*TO DO*
Every line from the one with "Deris'Caramel Milk' 2022" up to and including the one with "Añade elegancia y" is to be output exactly as it appears below; pictures are not.

*DATA FOR REVIEW*
· · · · · · ·
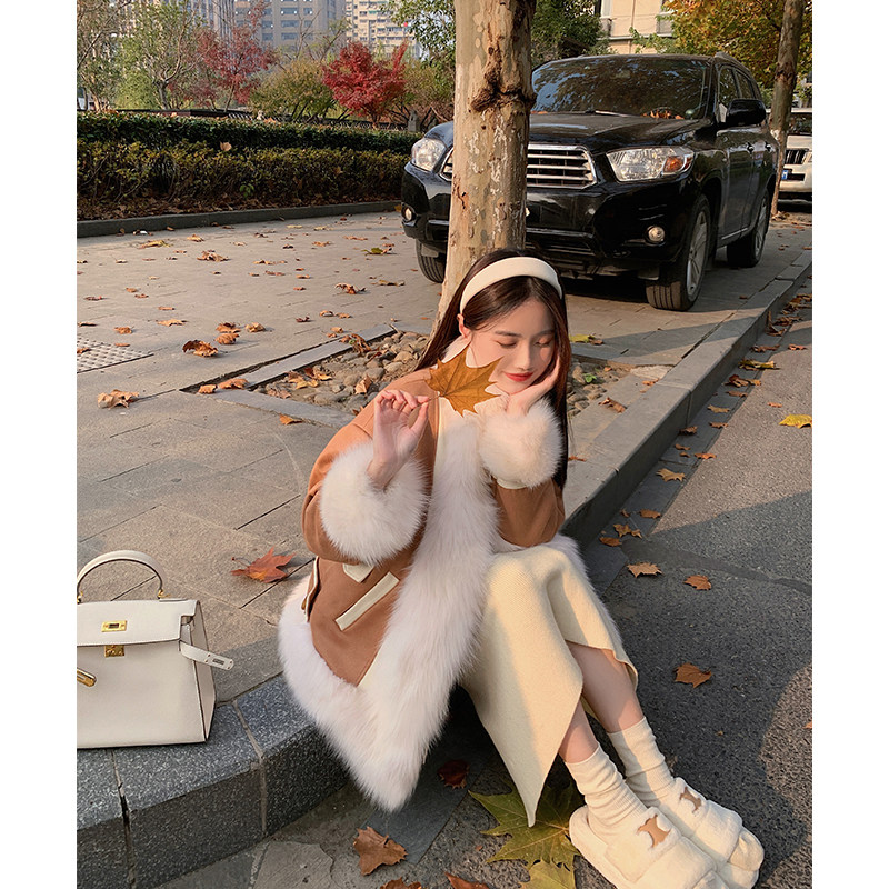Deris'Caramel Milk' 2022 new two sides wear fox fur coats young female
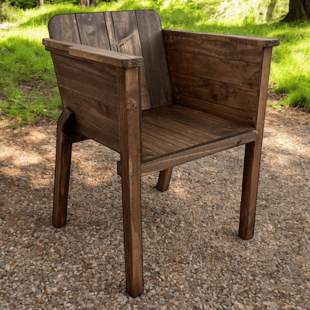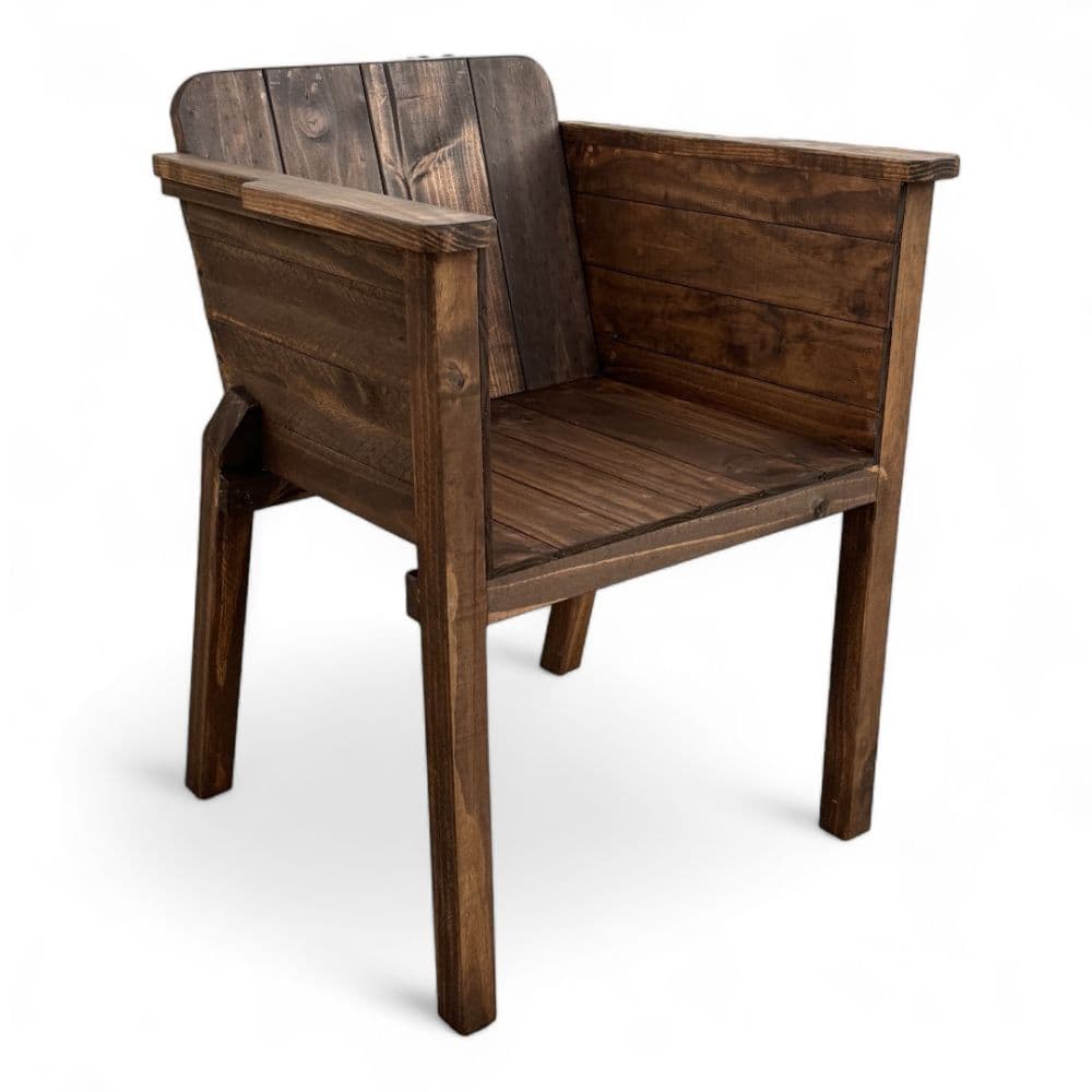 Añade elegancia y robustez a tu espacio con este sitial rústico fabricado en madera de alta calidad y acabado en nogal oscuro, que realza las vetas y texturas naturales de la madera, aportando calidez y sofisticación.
· · · · · · ·
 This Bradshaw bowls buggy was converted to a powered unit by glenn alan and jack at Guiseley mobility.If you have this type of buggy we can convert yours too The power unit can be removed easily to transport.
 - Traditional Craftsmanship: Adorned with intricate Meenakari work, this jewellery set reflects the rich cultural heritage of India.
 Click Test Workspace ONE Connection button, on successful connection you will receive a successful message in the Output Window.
· · · · · · ·
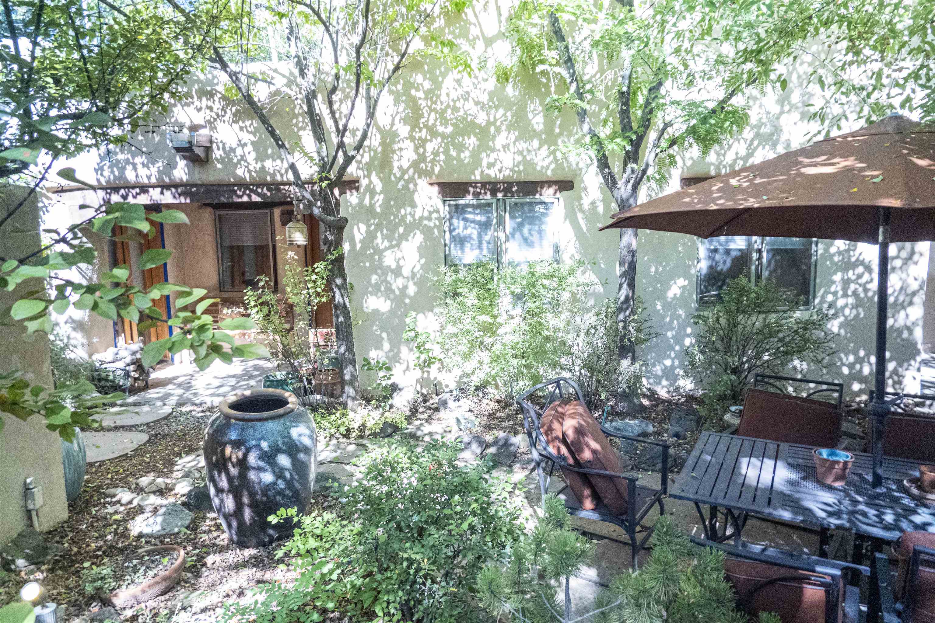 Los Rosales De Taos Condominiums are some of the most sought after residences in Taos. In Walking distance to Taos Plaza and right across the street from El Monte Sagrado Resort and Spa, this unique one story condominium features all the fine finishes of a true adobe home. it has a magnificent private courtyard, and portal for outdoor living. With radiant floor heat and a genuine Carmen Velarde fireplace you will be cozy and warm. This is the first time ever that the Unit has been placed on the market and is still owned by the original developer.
· · · · · · ·
*RESULT OF THE EXERCISE*
Deris'Caramel Milk' 2022 new two sides wear fox fur coats young female
 Añade elegancia y robustez a tu espacio con este sitial rústico fabricado en madera de alta calidad y acabado en nogal oscuro, que realza las vetas y texturas naturales de la madera, aportando calidez y sofisticación.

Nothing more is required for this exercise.